Security

Security

Client side

Content-Security-Policy Settings

If you use Content Security Policy (CSP) headers, you need to add few domains to your configuration (also applies if you use EU Isolation).

You need to add https://privatecaptcha.com, https://*.privatecaptcha.com to script-src, frame-src, style-src, connect-src.

Do not hard-code specific subdomains, like api.privatecaptcha.com, into your CSP.

Widget display mode

Usual widget type (data-display-mode="widget") is the safest option.

Equally secure is using a popup widget IF it has data-start-mode="click", thus forcing user to click the widget in the popup. Using popup widget with auto start mode (the default) is not the most secure option and is not recommended.

When you hide the widget using data-display-mode="hidden", security of the CAPTCHA protection depends entirely on your implementation. For example, if you start solving captcha automatically (instead of somehow forcing user to click on something), it is relatively similar for bots to having no captcha at all (sans the resource cost of proof-of-work).

Widget script (CDN)

Make sure that you are not serving the Private Captcha widget yourself (especially relevant for various WordPress caching plugins) and your website is always loading widget from cdn.privatecaptcha.com.

Localhost access

Make sure that “Allow localhost” is not enabled in Property settings for the “production” sitekey. It is acceptable only for the development version of the property (which you should use).

Sitekey rotation

Usually you do not need to rotate the client widget sitekey.

Server side

Verification

All server-side integrations have some kind of a Verify(solution) method that returns an object that has a method OK(). This is the only method you should be checking to see if CAPTCHA solution is valid. If the result is false, you can get more details by checking underlying fields Success and Code (for debugging purposes only).

All server-side integrations allow you to specify an optional sitekey parameter with each verification request. This is the sitekey that you are expected to check the solution against and, while being optional, is recommended to make use of.

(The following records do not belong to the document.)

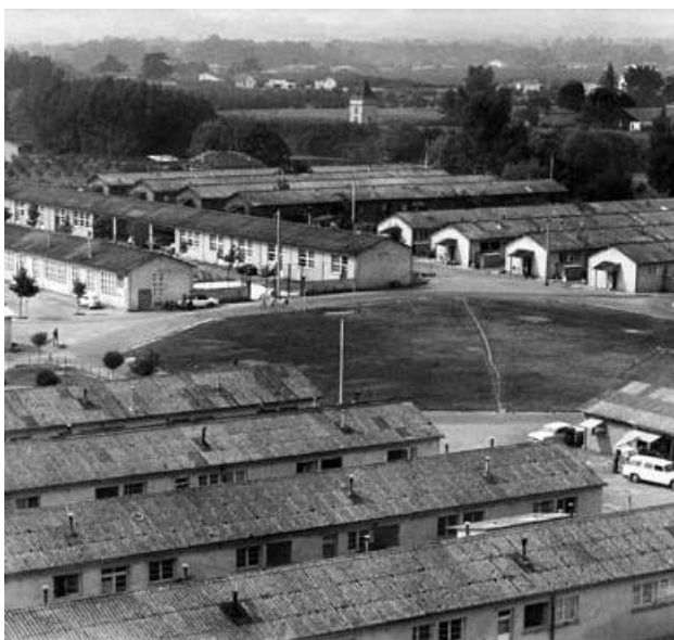
Le camp de Sainte Livrade/Lot en 1956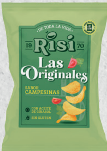
Patatas Originales Campesinas 100 g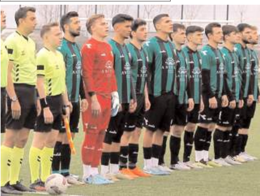
Mimar Sinanspor Çarşambaşpor maçının serenomisinde hakemler ile birlikte

Maçın ardından memleketlerine giden futbolcular cuma günü Çorum'da toplanarak ikinci yarı hazırlıklarına başlayacaklar. Ligde iki haftalık aranın ardından ikinci yarı 19 Ocak pazar günü oynanacak maçlarla başlayacak. Mimar Sinanspor ikinci yarının ilk maçında grubun şampiyonluk adaylarından Çankırı FK ile deplasmanda karşılaşacak.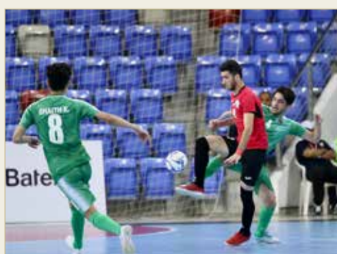
من لقاء العراق وفلسطين

الظهور بالشكل المطلوب وتقديم الاداء الذي يحقق لهم نتيجة الانتصار الاول".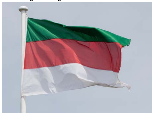
Helgolands flagga.

Helgoland har en egen flagga. Den vita färgen symboliserar stränderna, den röda klipporna och den gröna ängsmarkerna.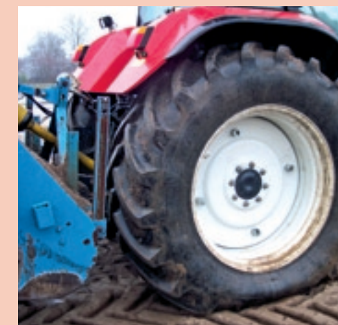
▲ Als de band op de goede spanning is gebracht, lijkt het wel of de band te zacht is. De trekkerbanden zijn evenwel gemaakt om met deze lage spanning te kunnen omgaan, waardoor het doel, overbrengen van trekkracht, goed tot zijn recht komt, zonder te veel schade in de bodem aan te richten.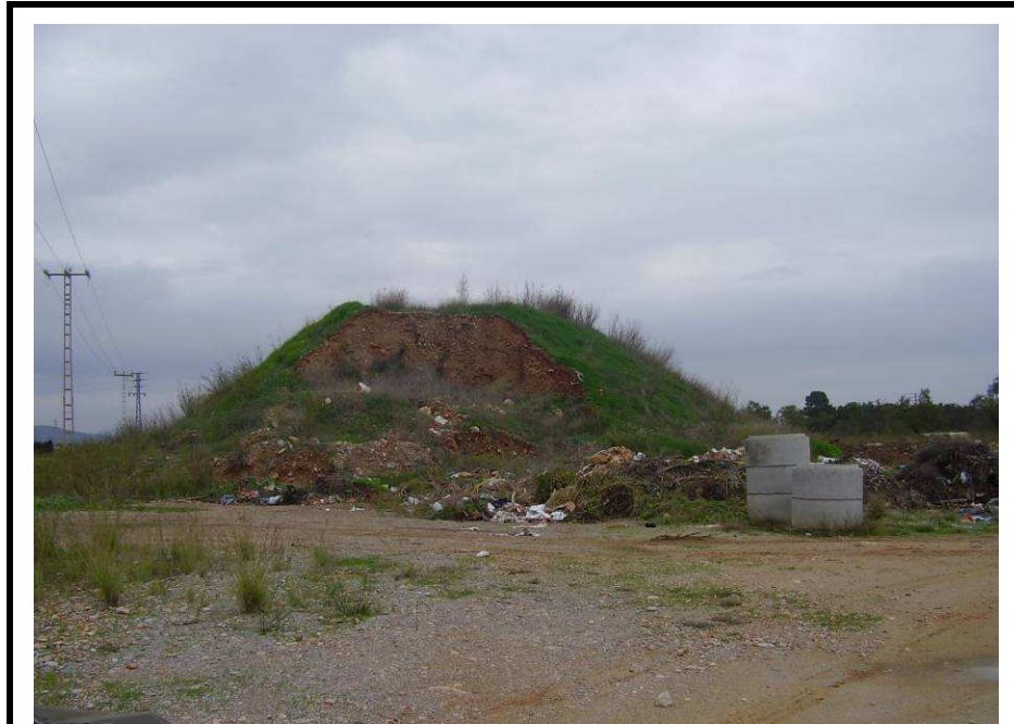
Fotografía 7.- Parcela de la futura EBAR Vial Benicarló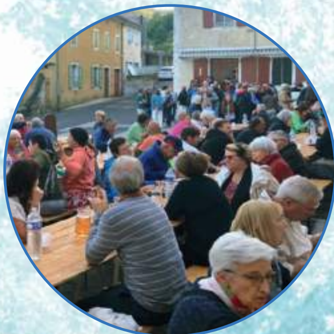
LA PLACE DU VILLAGE BIEN OCCUPÉE POUR DÉGUSTER LA BOMBINE !

Contents des résultats, nous avons aussitôt décidé d'organiser une soirée automnale à Gourjatoux avec au menu : charcuterie du plateau, soupe de courges accompagnée de châtaignes locales et un fromage blanc avec sa crème de marrons.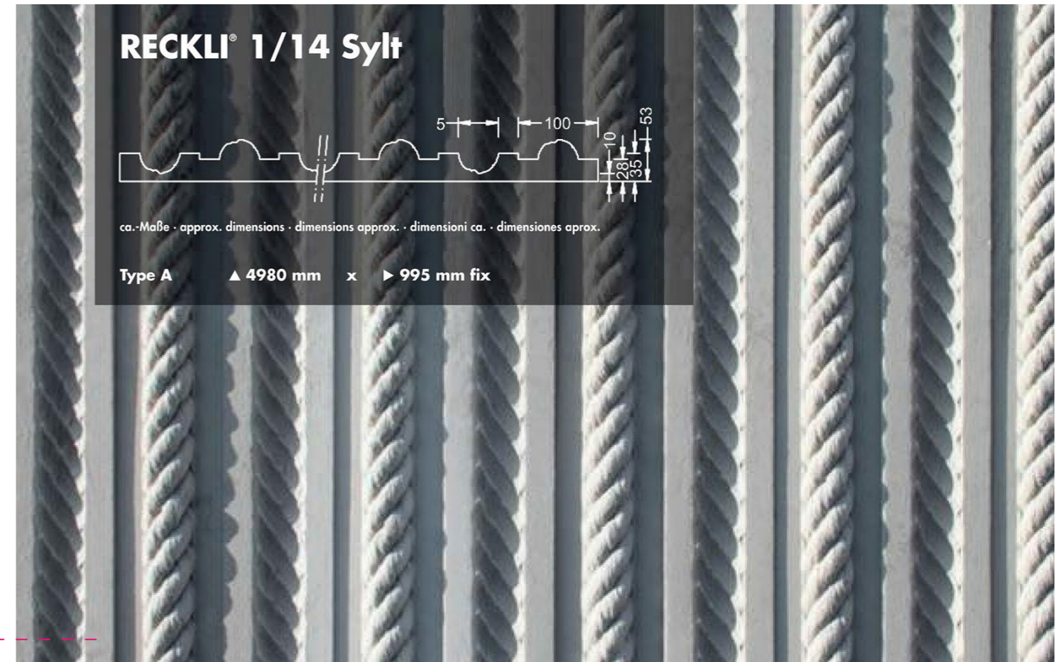
betonelementen voorzien van figuratie; refererend naar gebruik garen/touw in de confectiefabriek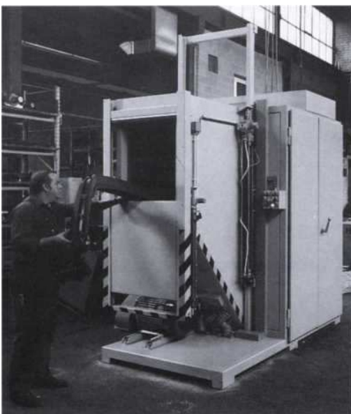
Broyeur avec trémie en position d'alimentation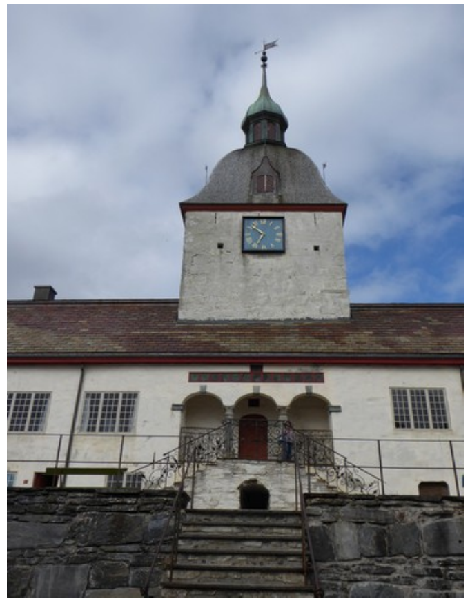
Inne i den nedre borggården.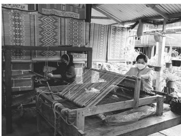
ตื่นตากับการทอเลือกยกกลาย อัตลักษณ์ชุมชน

ใครมาเที่ยวแนะนำให้เจาะลึกวัฒนธรรมผ่านฐานเรียนรู้ทางภูมิปัญญา เริ่มจากฝึกทำอาหารเด็ดพื้นถิ่นเมนูกุ้งจ่อมผัดสมุนไพรกับเซฟชุมชน ใช้ของดีกุ้งจ่อมประโคนชัยผัดกับสมุนไพร เสิร์ฟพร้อมข้าวหอมมะลิภูเขาไฟร้อนๆ ฟินไปอีก ฟินมากยิ่งขึ้นผ้าหมักโคลนบารายพันปีที่โดนใจกลุ่มวัยรุ่น ทอเลือกยกขาย ทอผ้า นอกจากนี่ยังมีฐานสมุนไพรเขาปลายบัด รู้จักข้าวหอมมะลิภูเขาไฟปลายบัด เพราะหมู่บ้านติดกับภูเขาไฟปลายบัด 1 ใน 6 ภูเขาไฟบุรีรัมย์ที่ดับสนิทแล้ว ที่ขึ้นชื่อแหล่งผลิตข้าวหอมมะลิคุณภาพเหนียวนุ่มลิ้นเลื่อง และยังมีไร่องุ่นภูเขาไฟออร์แกนิกเชิงเขาปลายบัด ปกติให้ชมหน้าหนาว จากนั้นไปเที่ยวปราสาทเมืองต่ำ ชมบารายเมืองต่ำ โบราณสถานสำคัญ ถ้ำสนใจนั่งรถอีแต่นขึ้น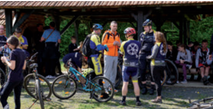
Prvomajska bicikljada u organizaciji Općine Rovišće, TKW Fox i bjelovarskih biciklista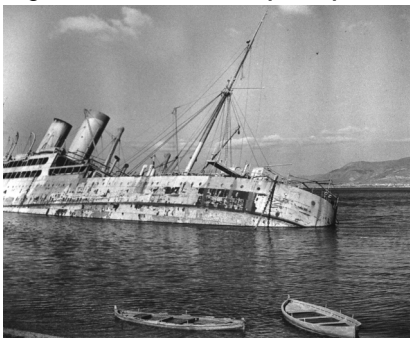
Figura 4 – Phil Stern (1919). Transatlantico italiano affondato nel porto di Messina , 1943.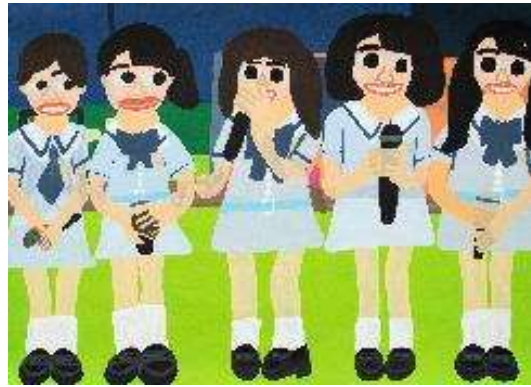
作品名 無題 作者名 杉山統基 (すぎやまもとき) サイズ 788×1091mm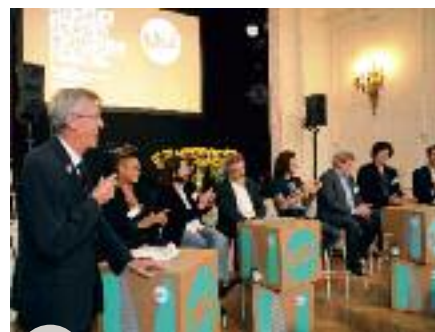
Les artistes et commissaires d'exposition à la disposition de la presse dans la bonne humeur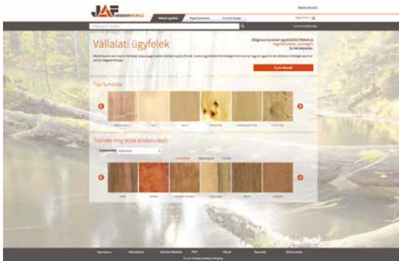
12 millió m 2 furnér, 190 konkrét fajfa található a JAFHolz új webáruházában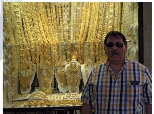
■ Una tienda de oro en Dubai

Por supuesto. He hecho viajes de todo tipo, incluso en una ocasión sin dinero porque me atracaron en Barajas al ir a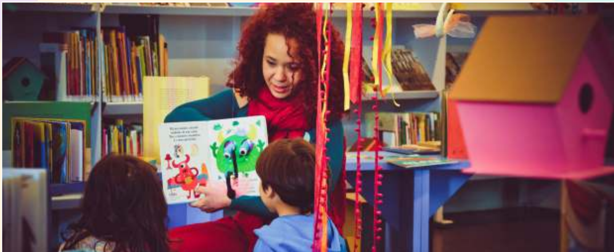
Cia. Passarinho Contou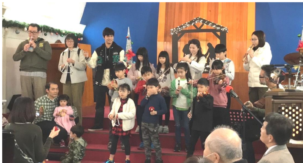
20221225 聖誕午會表演—荊棘團契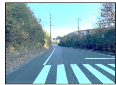
40km/m規制だが速度出しやすいので 追突しやすい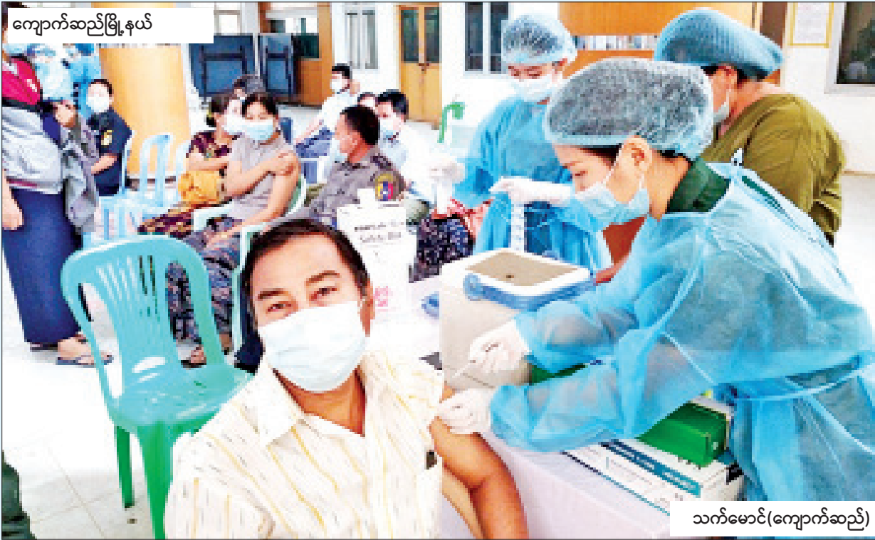
ကျောက်ဆည်မြို့နယ်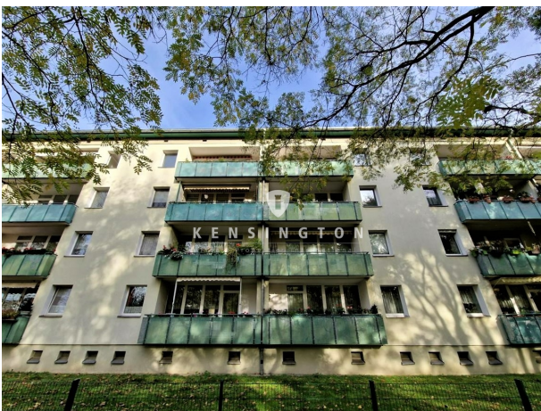
Wohnhaus Südansicht I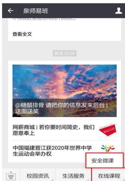
图 3 微信端课程入口

2. 在公众号首页，点击第三个小菜单【在线课程】→【安全微课】，即可进入系统，如图 3。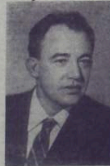
А. Е. Карнейчук—писатель, общественный деятель (СССР).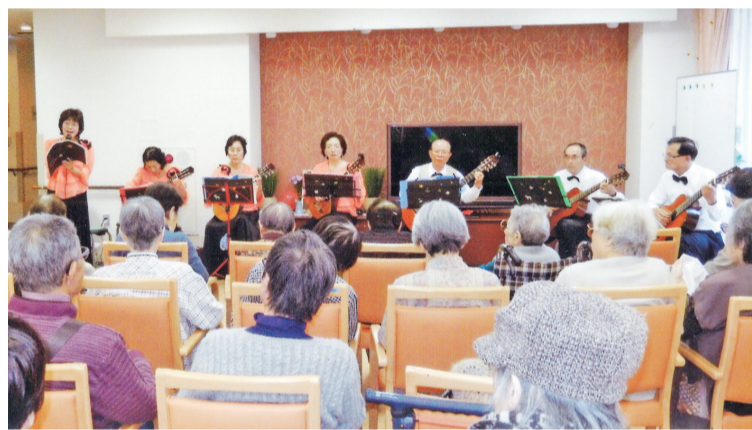
仲間と一緒にだから続けてこられたギターを発表

声出しの経験は、八王子で学生時代に「謡曲手習い」、厚木に來てから「民謡の会」、そして定年前に始めた「歌謡教室(宮川たかし先生)」等々で、それが趣味となり、今では健康寿命の持続に役立っている。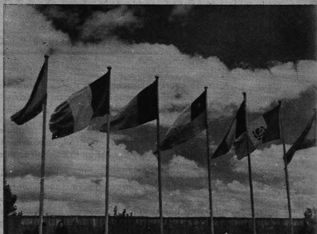
CONCURSO HIPICO INTERNACIONAL En la Casa de Campo se ha inaugurado el Concurso Hípico Internacional con mucha concurrencia de aficionados, que no se dejaron arredrar por el tiempo. He aquí las banderas de las naciones que envían sus equipos a competir con el nuestro.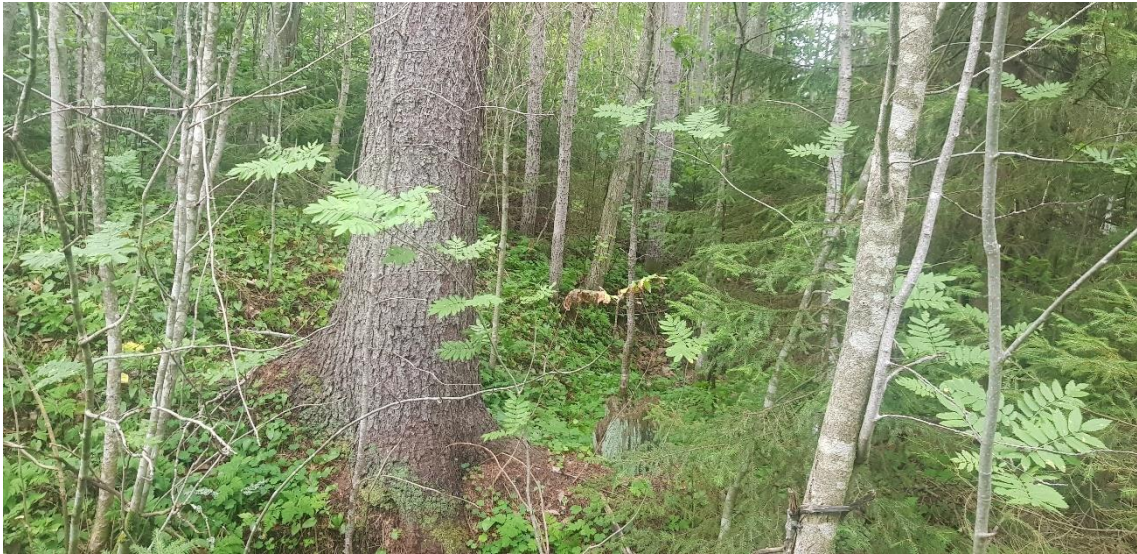
Figur 5. Kolbotten efter resmila (Sweco 3) med omgivande dike/stybbgropar.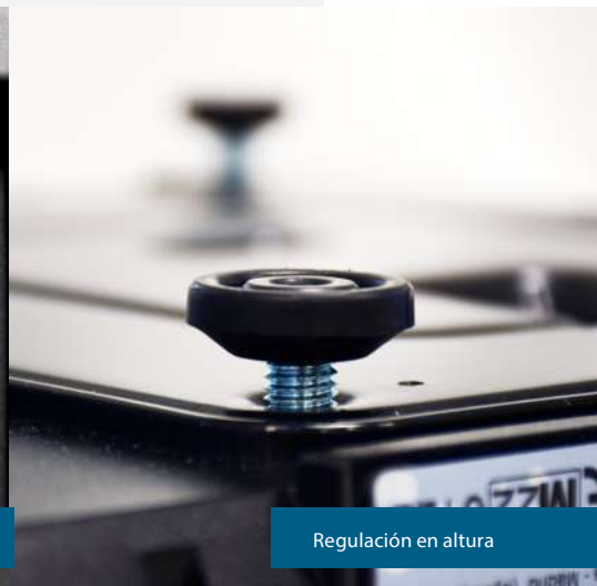
Regulación en altura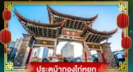
ประตูม้าทองไถ่หยก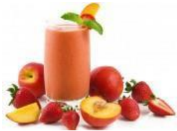
Batido de frutas y almendras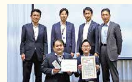
全国マツダ販売店協会中四国支部マツダエクセレントショップ事例発表大会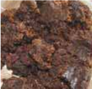
တူၢ်ရှၢ်သၢ်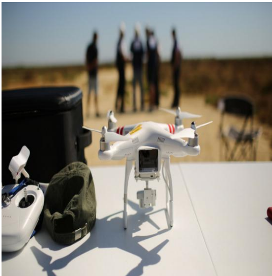
Figura 1: Modelo de dron.

material audiovisual docente en asignaturas de Ingeniería Civil, los resultados obtenidos demostraron que el nuevo método aúna las ventajas de las fuentes tradicionales de adquisición de material audiovisual (versatilidad, calidad, accesibilidad, actualidad, autoría) sin apenas inconvenientes, más allá de la adaptación a su manejo y la actual restricción de vuelo en zonas transitadas y núcleos de población. Este estudio reconocería un salto cualitativo en la documentación gráfica de obras y construcciones civiles, así como en aspectos aplicados de docencia e investigación en este campo de la ingeniería.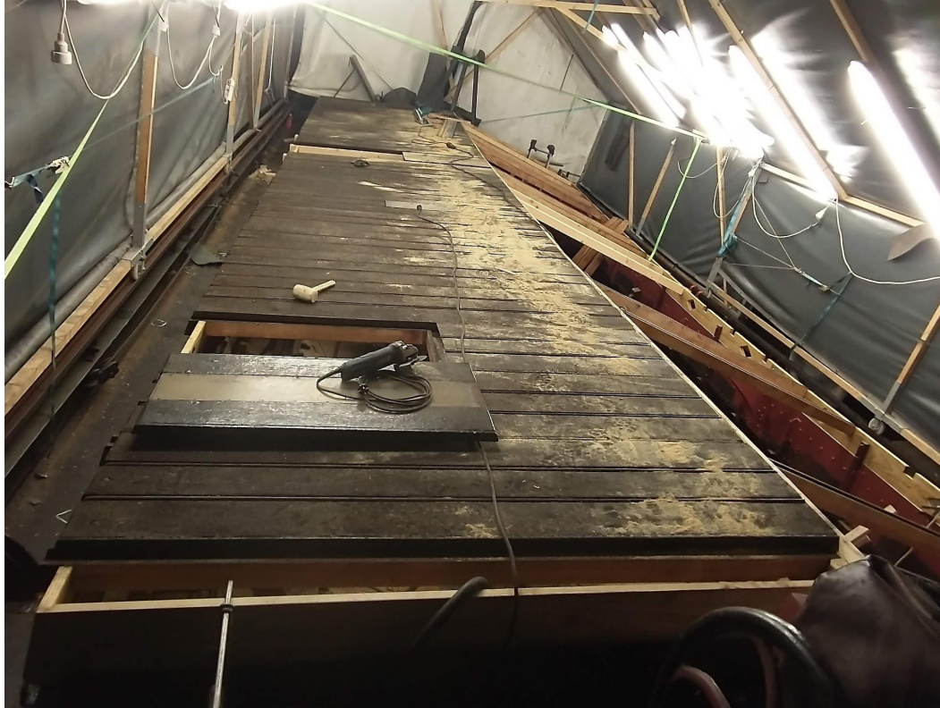
De stuurboordzijde van de kap kan weer dicht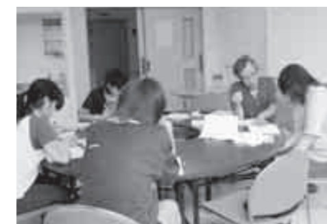
勉強会では、通信教育のレポートをしたり、自由に学習したりします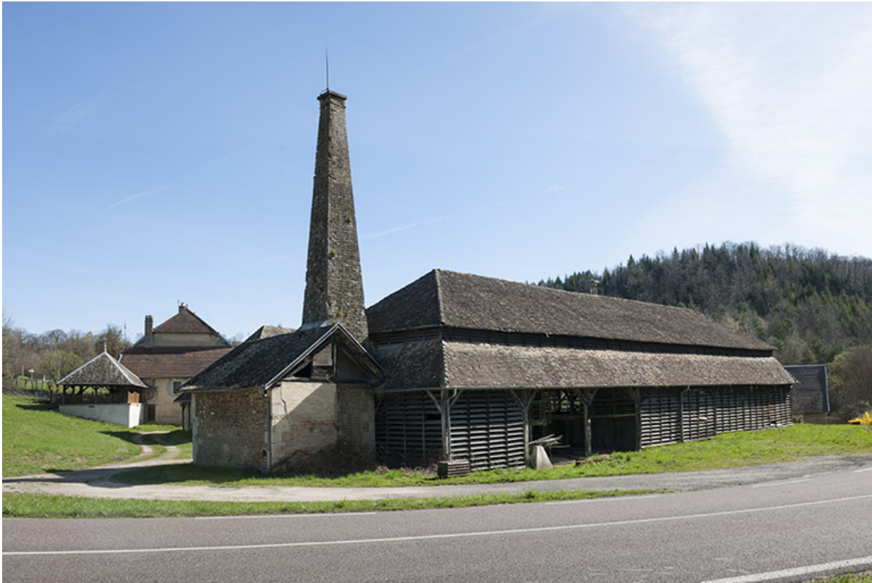
Vue d'ensemble depuis le sud-ouest.

25, Malbrans route départementale 67, lieudit : les Combes de Punay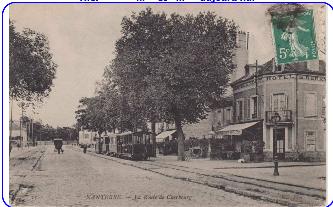
L'Hôtel du Berry, à l'angle de la rue Joseph-Terneau et de l'avenue Joffre, au début du siècle.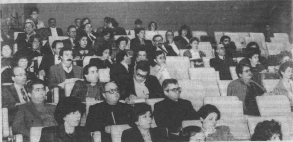
Na reunião de trabalho participaram diversas pessoas de algum modo ligadas à prevenção, tratamento e combate à toxicodependência.

blemas ligados ao uso/abuso de drogas, destinados aos profissionais da comunicação social.

What is the point of the sitekey argument

It is an additional layer of verification. For example, if you’re using verification API incorrectly, an attacker can send you a solution for test puzzle. Verification will return Success field set to true (by design) and Code (error) set as test-property. If you would set the expected sitekey, it will eliminate this kind of errors.

NOTE: this kind of errors is already eliminated if you’re using OK() methods and not checking success/code yourself

Client libraries

Make sure to automatically update your client library version for Private Captcha (e.g. using Renovate or Dependabot). Safe option is to have a “stability days” buffer (e.g. 7 days) before automatically merging updates.

API key rotation

Each API key that you use for the server-side validation, has an expiration date and will either expire or will have to be rotated. You should receive an email notification before your API key is expired.